The 2022 Spanish motorcycle Grand Prix (officially known as the Gran Premio Red Bull de España) was the sixth round of the 2022 Grand Prix motorcycle racing season and the first round of the 2022 MotoE World Cup. All races (except MotoE race 1, which was held on 30 April) were held at the Circuito de Jerez-Ángel Nieto in Jerez de la Frontera on 1 May 2022.

Background

Riders' entries 
In the MotoGP class, the presence of two wildcards in the entry list of the race should be noted: Lorenzo Savadori, in his second consecutive race after the Portuguese Grand Prix, and Stefan Bradl, who had already replaced Marc Márquez in the Repsol Honda Team in the Grand Prix of Argentina. In the Moto2 class, Stefano Manzi replaces Keminth Kubo in the Yamaha VR46 Master Camp Team, following the diagnosis of costochondritis found on the Thai rider after FP1. In the Moto3 class, in addition to the presence of Gerard Riu to replace David Muñoz, David Salvador replaces for the third consecutive race John McPhee, stopped due to injury, and the Malaysian rider Syarifuddin Azman replaces Alberto Surra (also injured) as in the Grand Prix of Portugal. In the MotoE class, which debuts in this Grand Prix, Bradley Smith of the WithU GRT RNF MotoE Team, following the crash at the 24 Hours of Le Mans, he is forced to give up this stage and is replaced by Lukas Tulovic, while the Spanish rider Yeray Ruiz replaces the starting rider Xavier Cardelús in the Avintia Esponsorama Racing, absent due to injury.

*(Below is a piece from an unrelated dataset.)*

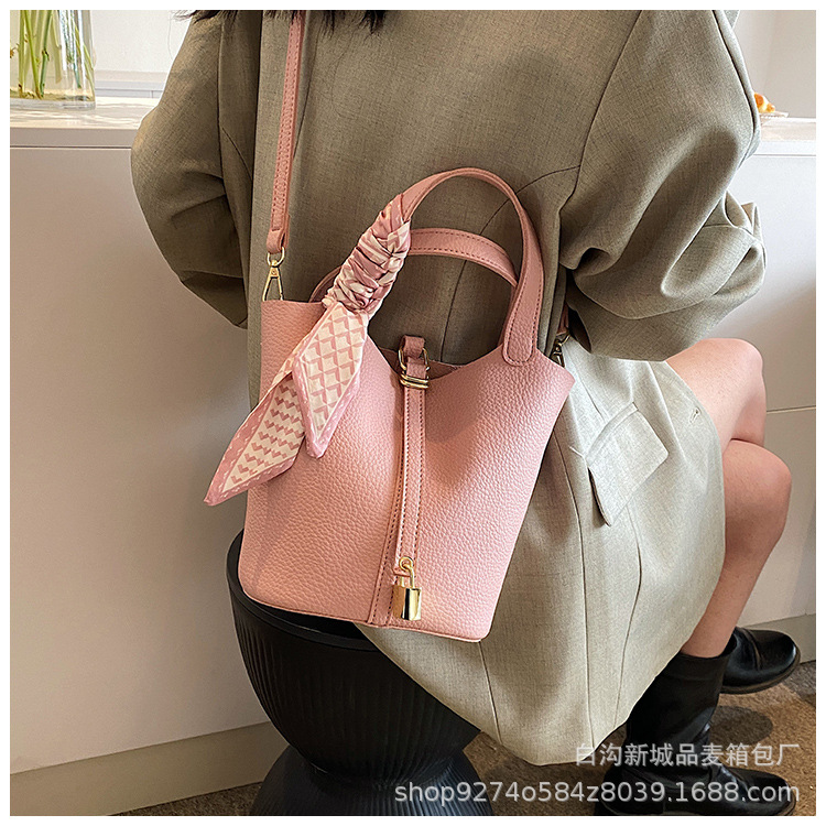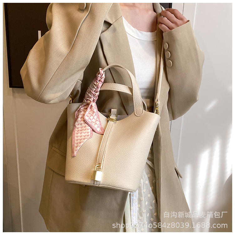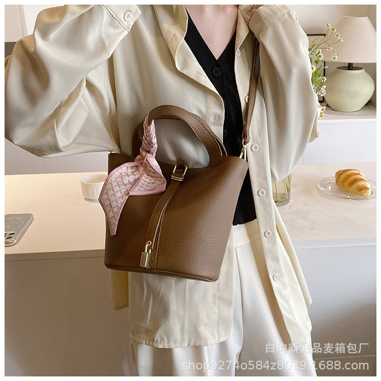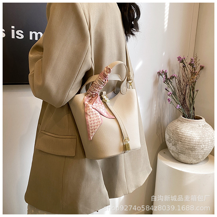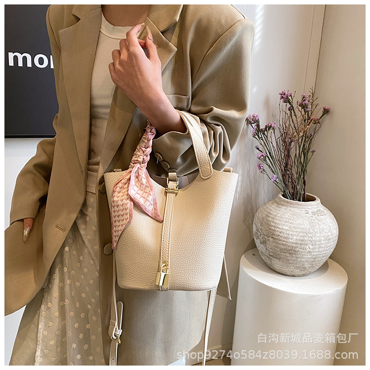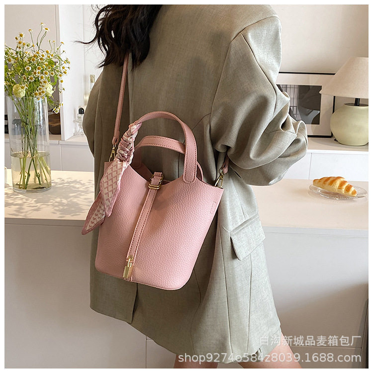 クロスボーダーファッションハンドバッグ、無地、2025年新作、フレンチスタイル、シンプルで爽やかなシングルショルダー/クロスボディバッグ、流行のバケットバッグ

MotoGP Championship standings before the race 
Fabio Quartararo, winner of the Portuguese Grand Prix, and Álex Rins lead the riders' standings with 69 points, 3 more than Aleix Espargaró, 8 more than Enea Bastianini (previous leader) and 18 more than Johann Zarco. In the constructors' classification, Ducati is confirmed first with 106 points, followed by KTM and Suzuki, both at 70 points, Yamaha at 70 points, which overtakes Aprilia by 1 point and Honda at 44 points. The top five positions in the team standings are occupied by Team Suzuki Ecstar (115 points), Aprilia Racing (91 points), Monster Energy Yamaha MotoGP (86 points), Red Bull KTM Factory Racing (81 points) and Pramac Racing (79 points).

Moto2 Championship standings before the race 
Celestino Vietti leads the riders' classification with 90 points with a wide margin on the first rivals, enclosed in 7 points: Ai Ogura (59 points), Tony Arbolino (54 points), Joe Roberts (winner in Portimão) and Arón Canet (49 points). The constructors' classification sees Kalex with 125 points, Boscoscuro with 20 points and MV Agusta with 5 points. In the team standings, Idemitsu Honda Team Asia is confirmed in the lead with 101 points, with an advantage of 11 points over Mooney VR46 Racing Team, 12 over Elf Marc VDS Racing Team, 13 over Flexbox HP40 and 51 over to Liqui Moly Intact GP.

Moto3 Championship standings before the race 
Sergio García and Dennis Foggia continue to exchange at the helm of the riders' standings, with the Spaniard, winner of the previous race, who precedes the Italian by only one point (83 vs 82 points). Jaume Masià is third with 54 points, followed by Andrea Migno and Deniz Öncü 4 points behind. In the constructors' classification, Gas Gas and Honda are paired in first place with 99 points, followed by KTM with 82 points, Husqvarna with 56 points and CFMoto, who closes with 50 points. Aspar Team overtakes Leopard Racing at the top of the team standings (131 points for the first, 109 for the second); Red Bull KTM Ajo is third with 70 points, 2 more than CFMoto Racing Prüstel GP and 13 more than Red Bull KTM Tech3.

Free practice

MotoGP 
The first session sees the Suzuki bikes of Joan Mir and Álex Rins in front of everyone, with Álex Márquez third. In the second session, Fabio Quartararo precedes Enea Bastianini and Francesco Bagnaia. The latter was the fastest in the third session (and in the combined standings) ahead of Quartararo and Takaaki Nakagami.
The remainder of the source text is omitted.